= Archery at the 2008 Summer Olympics – Qualification =

The athlete quota for archery is 128 athletes, 64 men and 64 women. There is a maximum of six athletes per National Olympic Committee, three per gender. NOC's with three athletes of the same gender automatically qualify for the team competition. Athletes can not qualify themselves directly into Beijing. Once they qualify they earn spots for their NOC, which then can decide which of the athletes who have reached the MQS (Minimum Qualification Score) they select.

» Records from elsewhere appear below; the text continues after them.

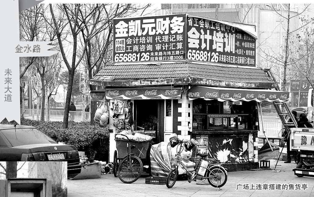
广场上违章搭建的售货亭
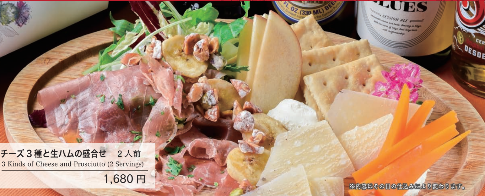
チーズ3種と生ハムの盛合せ 2人前 3 Kinds of Cheese and Prosciutto (2 Servings) 1,680 円
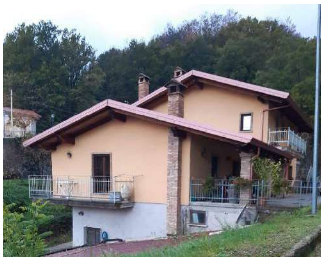
PIANO TERRA E PIANO PRIMO LATO EST
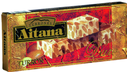
TURRON DUR ALICANTE AUX AMANDES GRILLEES 200G AITANA
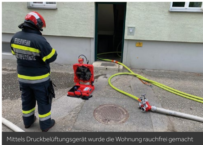
Mittels Druckbelüftungsgerät wurde die Wohnung rauchfrei gemacht

Zimmerbrand in einer Wohnung eines Mehrparteienhauses in Peggau.
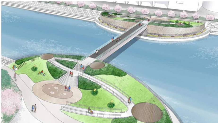
人道橋イメージ図
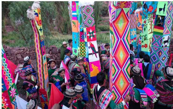
Participación de los jóvenes en valoración de la cultura Yura (2015)

En carnaval las autoridades y alcalde originario realizan muyu o giro en su jurisdicción (Ayllu), acompañados de toda la población con la música tradicional que es entonada por los hombres con las flautas y caja, mientras que las mujeres bailan en ronda con su ropa típica. La norma interna de Yura es respetada porque todos los que participan con la fraternidad de baile, deben vestir con ropa típica; cada kuraca y alcalde visita a cada familia en su jurisdicción y el día anterior al Carnaval, se concentran todos en el pueblo de Yura. Las mujeres visten acsu, aymilla, phanta, montera con estrellas de plata, chumpi, cañari y llejlla; los hombres visten con uncu, chalina, poncho, montera con estrellas de plata, chuspa, chumpi, cóndor huma, león y cóndor. Los jóvenes, así como participan de actividades culturales ancestrales, también participan en consejos de autoridades a nivel de comunidad, ayllu y jatun ayllu, donde debaten y participan de la gestión de temas como la educación, salud, proyectos, cultura, economía, política y justicia indígena originaria. Por eso se considera que ellos son el sostén del pueblo Yura, pues garantizan la sostenibilidad y la perspectiva a futuro de todos los proyectos.
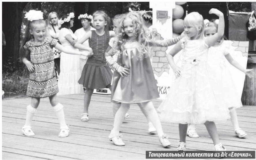
Танцевальный коллектив из д/с «Елочка».

13 июля состоялось празднование 189-летия Иса
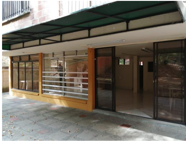
Foto registro Salón Social Área proyectada para la Logística del Mercado Comunitario URA_RedBioCol

Se proyecta el Salón Social de la URA como un espacio posible para la realización de este ejercicio de economía alternativa, dado que cumple con las características físicas adecuadas para la logística requerida del Mercado Comunitario.
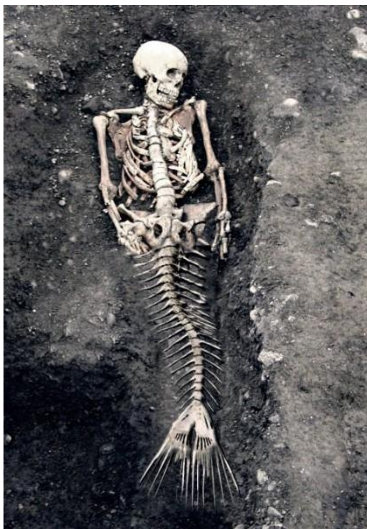
Рис. 1. Скелет человекорыбы, найденный в Египте

В Библии и сказаниях различных народов говорилось о человекозверях, человекоскотах, человекоптицах, человекорыбах, человекозмеях и т.п. Это были люди-демоны. Также создавались гибридные животные, управляемые духами ангелов.
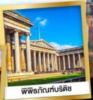
พิพิธภัณฑ์บริติช
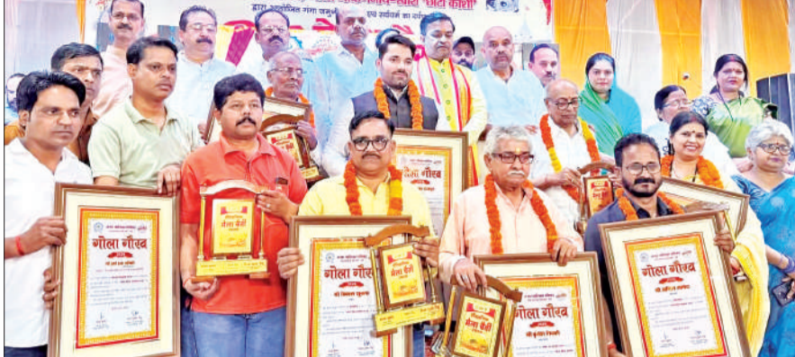
मेला समापन पर गोला गौरव से विभूषित विशिष्ट प्रतिभाएं।
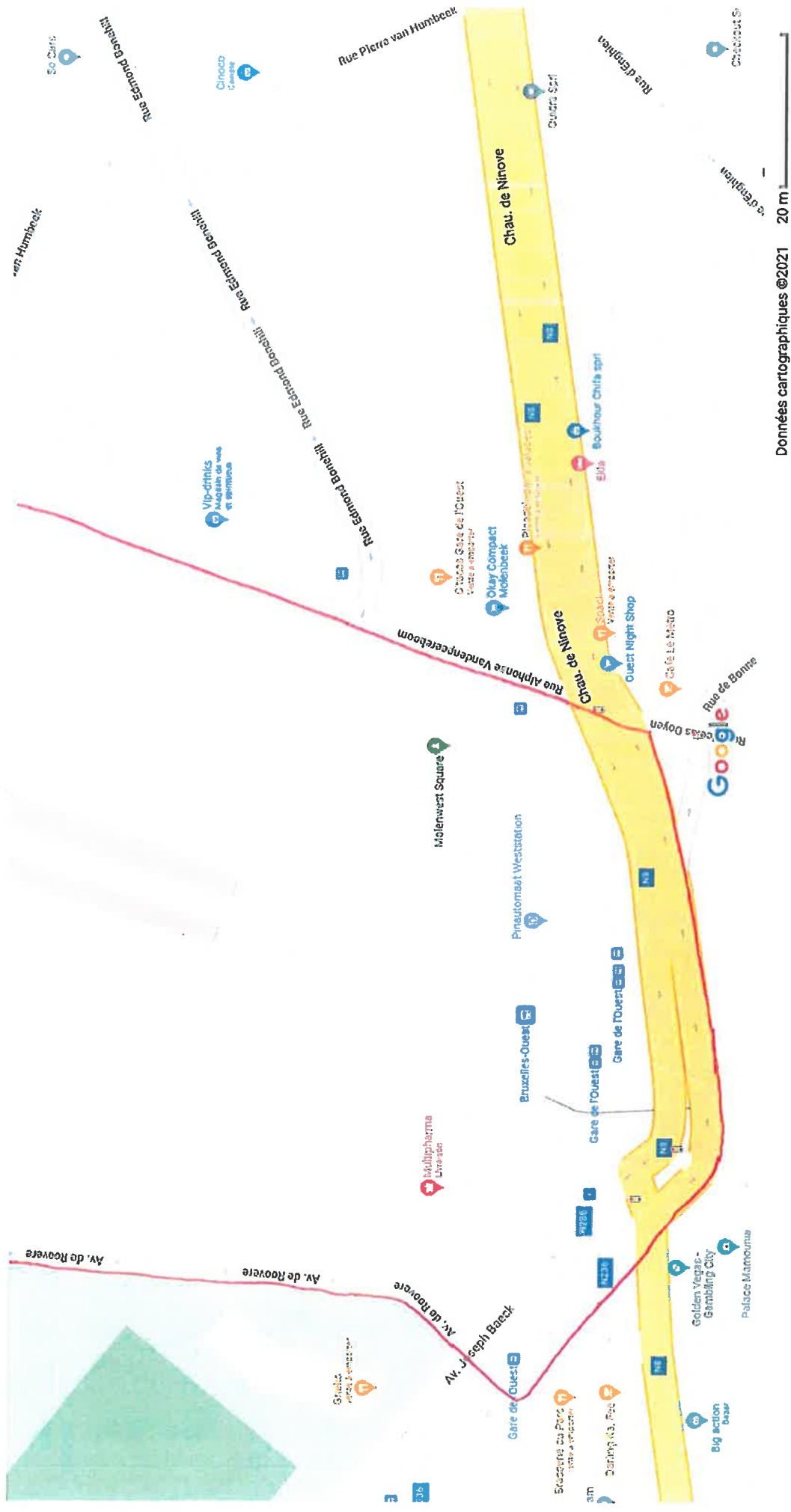
Données cartographiques ©2021

The MQS for FITA rounds are 1200 (men) and 1180 (women). For 70m rounds they are 600 (men) and 590 (women). Athletes who wish to qualify for the Olympics need to achieve the MQS in the period starting from 5 July 2007 until 16 July 2008.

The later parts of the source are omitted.